Security Posture Report¶
rampart report compliance generates a security posture report that evaluates how well your Rampart deployment enforces key agent security controls.
What it checks¶
The report evaluates four areas of Rampart's enforcement:
| Control | Name | What it checks |
|---|---|---|
| RC-1 | Tool Call Authorization | All tool calls are evaluated against policy before executing |
| RC-2 | Audit Logging | A tamper-evident audit chain is maintained |
| RC-3 | Human-in-the-Loop | Sensitive operations require human approval |
| RC-4 | Data Exfiltration Prevention | Credential and sensitive path access is blocked |
These are Rampart's own controls — they are not part of an external compliance standard. If your organization needs to comply with frameworks like AIUC-1, SOC 2, or NIST AI RMF, this report can serve as supporting evidence but does not constitute certification.
Generating a report¶
Example output (with audit logs):
Rampart Security Posture Report
================================
This report evaluates how well your Rampart deployment enforces key
agent security controls.
Learn more: https://docs.rampart.sh/guides/compliance/
Report ID: 3a1e1cc1-09b5-4641-b502-3ef8b1f9fc29
Generated: 2026-02-28T22:08:48Z
Period: 2026-01-29 to 2026-02-28
Rampart Version: v0.8.1
Standard: Rampart Security Posture
Overall Status: PASS
Decision Counts
---------------
Total: 1,247
Allow: 1,089 (87%)
Deny: 143 (11%)
Ask: 15 (1%)
Controls
--------
RC-1 PASS Tool Call Authorization
- 1,247 tool calls evaluated against policy
- 0 tool calls bypassed policy evaluation
RC-2 PASS Audit Logging
- Audit chain verified: 1,247 events, 0 hash mismatches
RC-3 PASS Human-in-the-Loop
- 15 ask decisions recorded in reporting period
RC-4 PASS Data Exfiltration Prevention
- Policy covers: /etc/shadow, ~/.ssh/*, *.env, ~/.aws/credentials
Status levels¶
| Status | Meaning |
|---|---|
| PASS | All four controls pass |
| PARTIAL | Some controls pass, some warn |
| FAIL | One or more controls fail |
Note
A fresh installation with no audit history will show FAIL. This is expected — run Rampart with an agent to generate audit logs, then re-run the report.
Date ranges¶
Scope the report to a specific period:
rampart report compliance --since 2026-02-01
rampart report compliance --since 2026-02-01 --until 2026-02-28
Dates use YYYY-MM-DD format. The default period is the last 30 days.
JSON output¶
For CI pipelines or tooling integrations:
rampart report compliance --format json
rampart report compliance --format json --output posture-report.json
JSON output includes the full evidence array per control, suitable for internal audits or sharing with security teams.

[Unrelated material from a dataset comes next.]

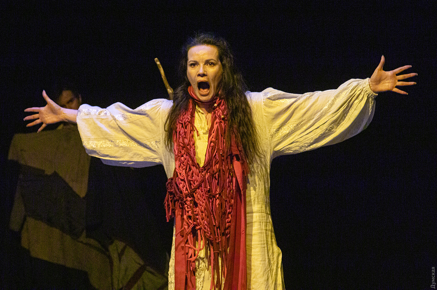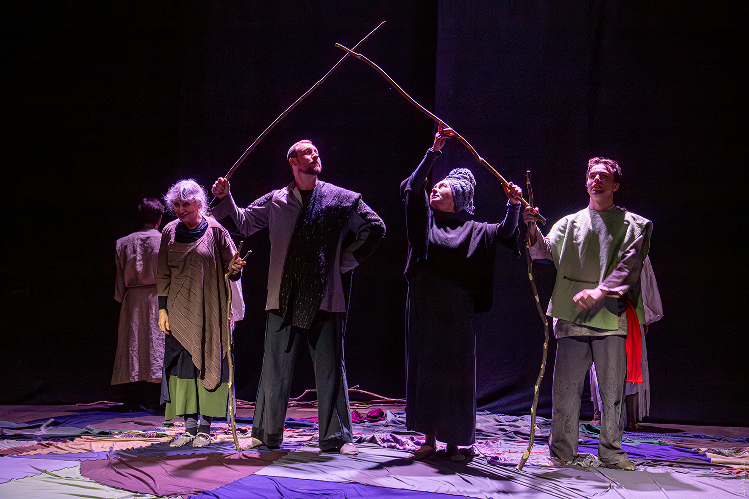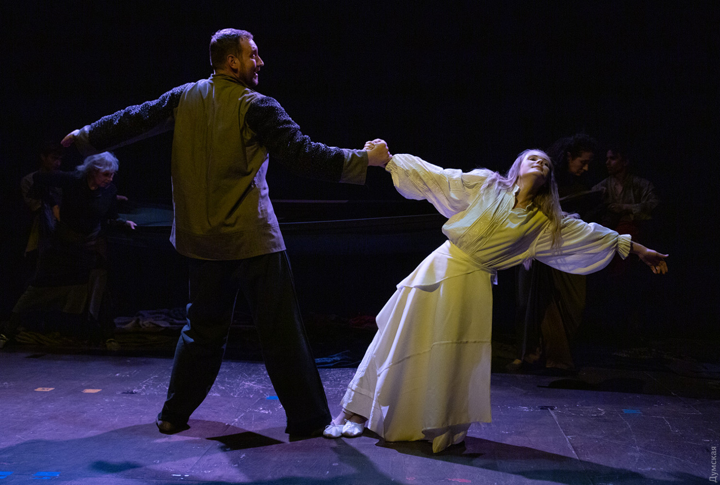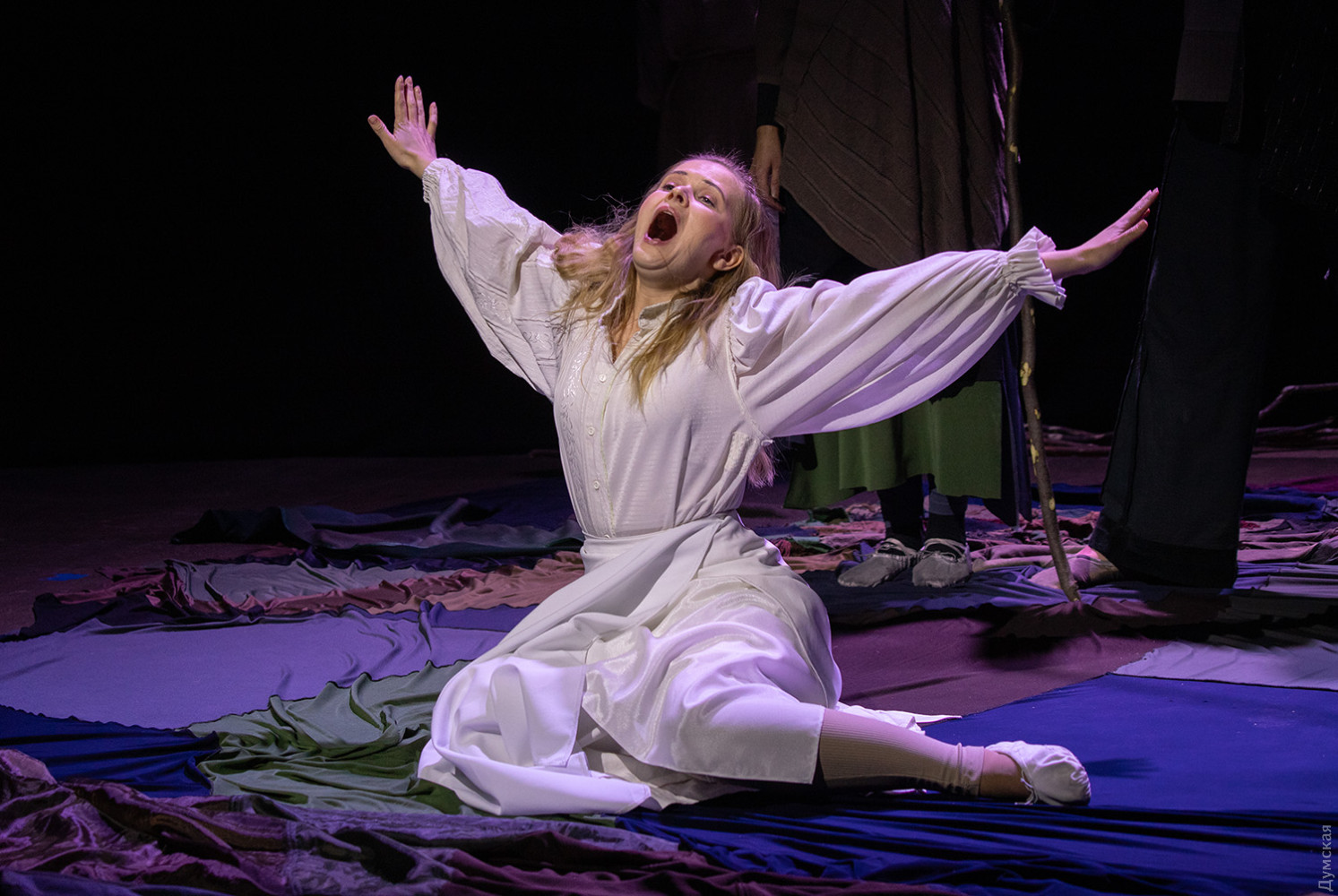 Премьера спектакля «Калинова сопілка» по мотивам повести Оксаны Забужко состоялась в Одесском академическом театре юного зрителя. Блекаут внес коррективы — начало задержали, перенастраивая сценическое освещение под работу генератора. Это первая в нашем городе театральная постановка по произведению «Казка про калинову сопілку» современной украинской писательницы и поэтессы. Повесть написана достаточно давно, но именно сейчас на украинских сценах появляется версия за версией (даже кукольный спектакль есть). Может, потому, что время задуматься о природе зла, в том числе, спрятанного в своей душе. Молодой режиссер Полина Коробейник сделала собственную сценическую версию произведения, ведь знаменитые забужковские предложения слишком длинные для провозглашения, их лучше читать глазами. Зато такие предложения можно легко разбить на реплики персонажей. Играют спектакль в формате «зритель на сцене»: так эта мистическая история приобретает особенно зловещее звучание. Поскольку перед нами разворачивается история о сестроубийстве, Каин и Авель уступают место Ганне и Оленке, мы должны заметить, что писательницу вдохновила библейская история. Ее нам сперва и покажут, это скелет сюжета, разыграют коротенько, как пошли по ягоды дедова дочка, да бабина дочка. Бабина вонзила дедовой в сердце нож и вернулась домой, мол, сестра за ней идет. А вскорости в село приходят чумаки, рассказывают, как под лесом с куста калины срезали ветку, выстрогали сопилку, а та человеческим голосом говорит, убийцу девушки обличает… Далее сказка возвращается к своему началу и наполняется деталями и смыслами, которые добавила Оксана Забужко. Так мы узнаем, что «бабина дочка» Ганнуся – любимица своей матери, а «дедова дочка» Оленка – папино любимое дитя. Смешивая приемы драмы и перформанса, актеры играют и персонажей, и голос от автора. То заворачиваясь в огромную драпировку из лоскутов ткани, то ползая по ней, будто по лугу, то даже купаясь в ней, словно в речке, постукивая посохами (они же ножи и сопилки), исполнители проверяют нашу способность принимать меру условности. Художница Елена Штепура, хореограф Мария Мартос, художница по костюмам Людмила Войновская вместе с режиссером сделали целостное произведение, не понять, где заканчиваются полномочия одного из авторов спектакля и начинаются полномочия другого. Надо сказать, что игра Златы Скальской, которая органично смотрится в ролях Золушки и других хороших сказочных девочек, впечатляет совсем по-иному. Ее Ганна-панна одновременно и невероятно одарена от природы, и глубоко несчастна, так как не оправдываются надежды на лучшую жизнь, что-то темное и жестокое растет в душе. Мать надевает на нее красный платок-ожерелье из прочных нитей, это и знак того, что Ганнуся уже не ребенок, а девушка, и намек на кровь, которая неизбежно прольется. Кто же виноват в том, что красавица Ганна сжила со свету младшую сестричку? Возможно, всему причиной первородный грех, который искупает человечество. Виновата ли мать Мария (заслуженная артистка Украины Оксана Бурлай-Питерова), пророчившая дочку незаурядную судьбу, задуривала голову сказочкой «про Ганну-панну, яка тричі приїздила на королівський бенкет — спершу четвериком, тоді шестериком, а тоді восьмериком таких вороних, як змїї, що являлися їй із розкритої верби». Что-т

What each control evaluates¶
RC-1 — Tool Call Authorization¶
Checks that Rampart is actively evaluating tool calls. Passes if: - Audit logs exist with allow or deny decisions - No evidence of policy bypass
RC-2 — Audit Logging¶
Verifies the tamper-evident hash chain in audit logs. Each event's hash covers the previous event's hash — if any event is modified or deleted, chain verification fails.
RC-3 — Human-in-the-Loop¶
Checks that ask decisions exist in the audit log during the period. Passes if at least one human approval was requested.
If all sensitive operations are auto-denied rather than asking for approval, this control will warn. Consider using action: ask for borderline operations.
RC-4 — Data Exfiltration Prevention¶
Checks that the active policy contains rules blocking access to credential paths (/etc/shadow, ~/.ssh/*, *.env, ~/.aws/credentials, etc.).
This check uses keyword proximity heuristics on the policy file — manual review of your policy is recommended for full assurance.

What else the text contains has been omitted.